Background: Epithelial ovarian cancer (EOC) is an aggressive and heterogeneous disease. <10% of EOC demonstrate HER2/neu 3+ receptor over-expression. However, moderate to low (i.e., 2+ and 1+) HER2/neu expression is reported in up to 50% of EOC. The objective of this study was to compare the anti-tumor activity of SYD985, a novel HER2-targeting antibody-drug conjugate (ADC), to trastuzumab emtansine (T-DM1) in EOC models with differential HER2/neu expression.

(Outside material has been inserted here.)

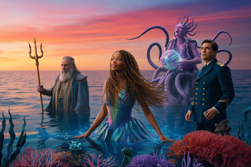 Javier Bardem returns as King Triton, embodying the old guard, the father figure who remains a pillar of wisdom and power in Arielâs world. However, as the tide shifts, even Triton finds himself tested by the new forces at play. Bardem brings gravity to his role, offering counsel to Ariel while also facing his own internal battles about the future of their kingdom. His presence is both formidable and loving, a reminder of the oceanâs ancient power and the complex nature of family ties.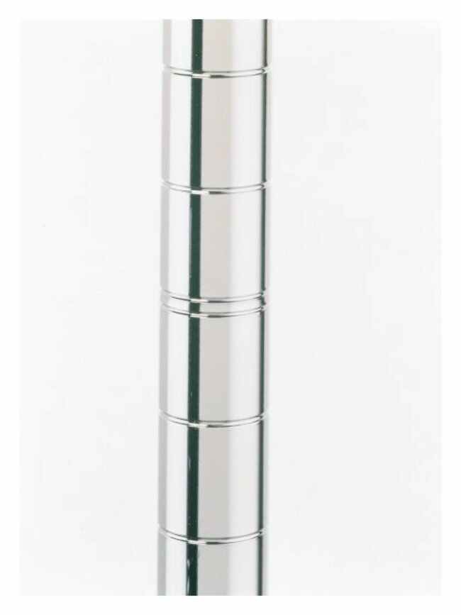 Stationary posts are fitted with adjustable leveling bolts to compensate for uneven surfaces. Posts are available in Chrome, Type 304 Stainless Steel and Metroseal 3. Metroseal 3 includes Microban antimicrobial product protection and has a 12 year warranty against rust and corrosion. Mobile posts come without leveling bolt assembly for use with stem casters.Grooved at 1 in. (2.5cm) intervalsPosts are double-grooved every 8 in. (20.3cm) for easy identificationOrder InfoHeight includes leveling bolt and cap. Shelves and posts sold separately.

Methods: The cytotoxicity of SYD985 and T-DM1 was evaluated using ten primary EOC cell lines with 0/1+, 2+, and 3+ HER2/neu expression in antibody-dependent cellular cytotoxicity (ADCC), proliferation, viability and bystander killing experiments. Finally, the in vivo activity of SYD985 and T-DM1 was also studied in ovarian cancer xenografts.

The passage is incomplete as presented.